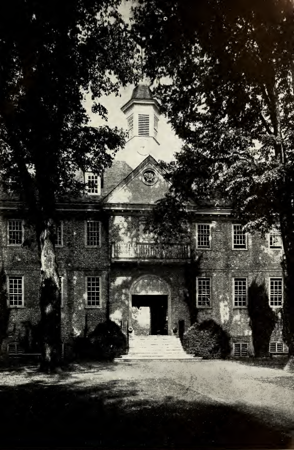
SIR CHRISTOPHER WREN BUILDING, 1695
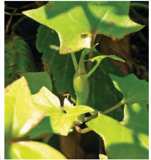
First galled shoot tip observed in the field in California, November 2016, at a site in Sonoma County.

In 2013, an application for a permit to release the fly was submitted to the USDA-Animal and Plant Health Inspection Service (USDA-APHIS), and was subjected to peer review by a panel of experts from the U.S., Canada, and Mexico. The panel recommended release of the fly. Subsequently, a Biological Assessment was prepared, which received concurrence from the U.S. Fish and Wildlife Service, and an Environmental Assessment was pre-
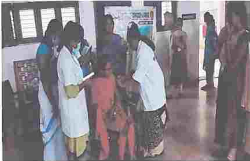
COVID(BOOSTER DOSE) Vaccination For Students And Staff In The Campus "Booster Dose" by Asha Workers in our college premises

(Approved by A.I.C.T.E., New Delhi, Affiliated to JNTUA, Anantapuram)
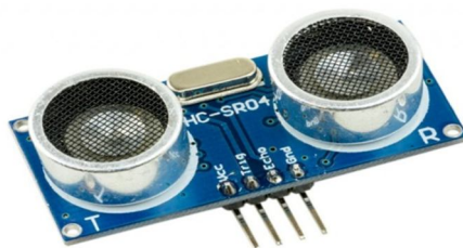
Fig. 2 Ultrasonic Sensor (HC-SR04)

To calculate the distance between the sensor and the object, the sensor measures the time taken between the emission of the sound by the transmitter to its contact with the receiver. Ultrasonic sensors are used firstly and commonly as proximity sensors. They can be found in an anti-collision safety systems and automobile self-parking technology. In comparison to Infrared sensors in proximity sensing applications, ultrasonic sensors are not as susceptible to interference of smoke, gas, and other airborne particles. Ultrasonic sensor is shown in Fig. 2.
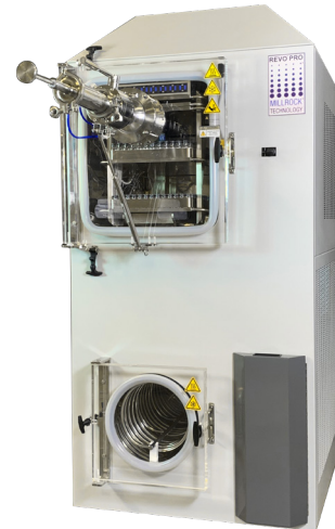
Standard Spider Sample Extractor mounted on full view acrylic for maximum visibility

The Spider comes standard with a removable extraction rod that can be stored when not in use. This provides additional room as well as safety. Without the extraction rod, the remainder of the extractor extends only 10" from the door. The Sample Extractor design does not require an additional vacuum pump. The Millrock sample extractor provides a simple, elegant design with minimal sealing surfaces to help eliminate leaks. For use with vials up to 100 ml, Millrock offers the Spider L or XL.
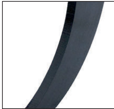
1 ¼" wide Shanks
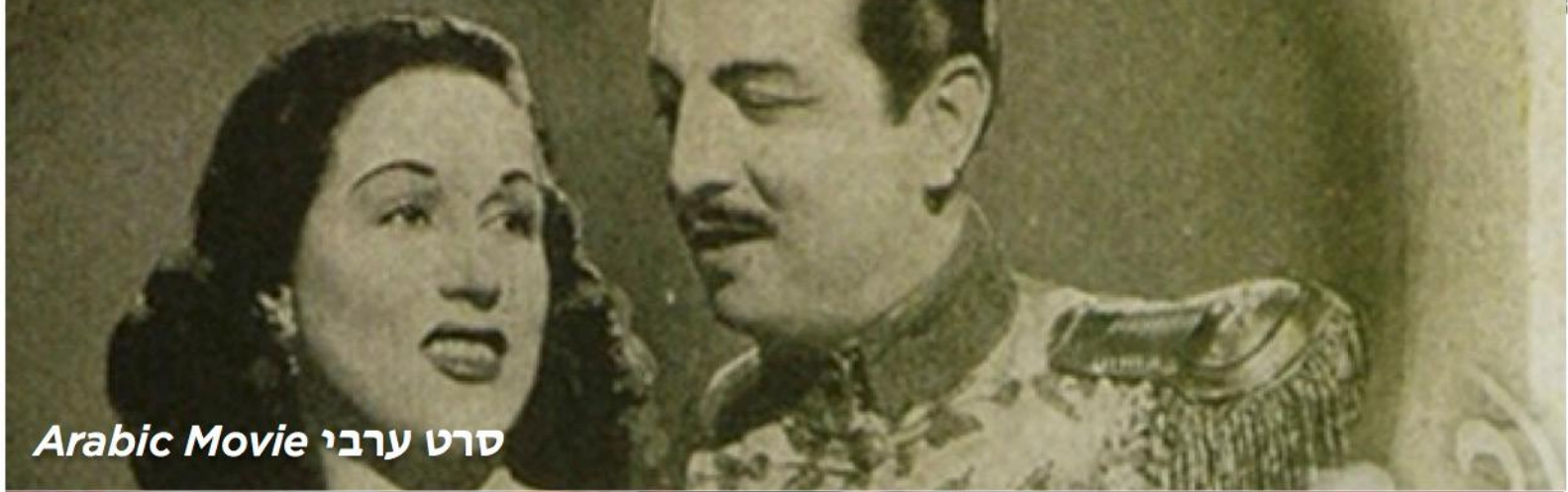
Arabic Movie סרט ערבי
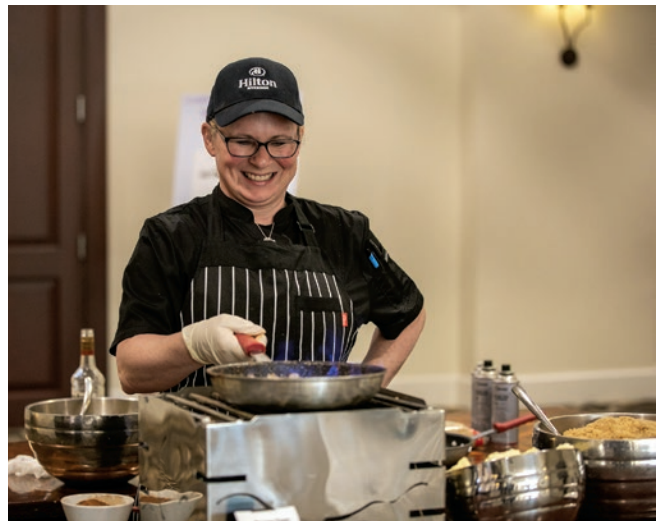
The chef flambés bananas for Bananas Foster
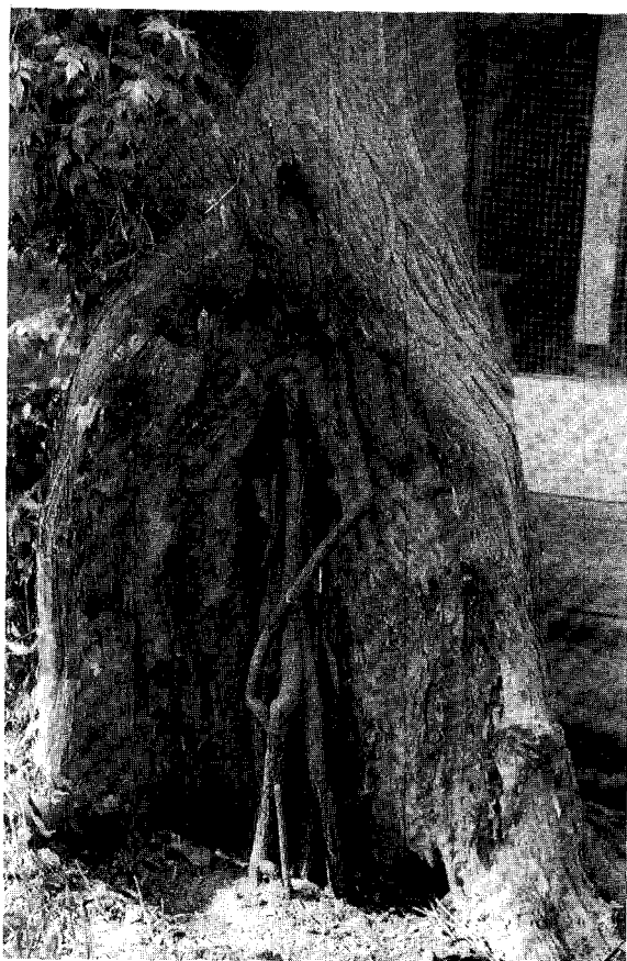
Fig. 2. This basally damaged Chinaberry managed to produce numerous adventitious roots from the callus tissue forming around the rim of the cavity. These roots made it to the ground just in time to become new supports for the tree which was in imminent danger of toppling. (Austin, Texas)
_ _ _ _
* WHAT IS NEEDED *
Copy out each line from the preceding entries that mentions the word "Sample".

* SOLVED EXERCISE *
Standard Spider Sample Extractor mounted on full view acrylic for maximum visibility
The Spider comes standard with a removable extraction rod that can be stored when not in use. This provides additional room as well as safety. Without the extraction rod, the remainder of the extractor extends only 10" from the door. The Sample Extractor design does not require an additional vacuum pump. The Millrock sample extractor provides a simple, elegant design with minimal sealing surfaces to help eliminate leaks. For use with vials up to 100 ml, Millrock offers the Spider L or XL.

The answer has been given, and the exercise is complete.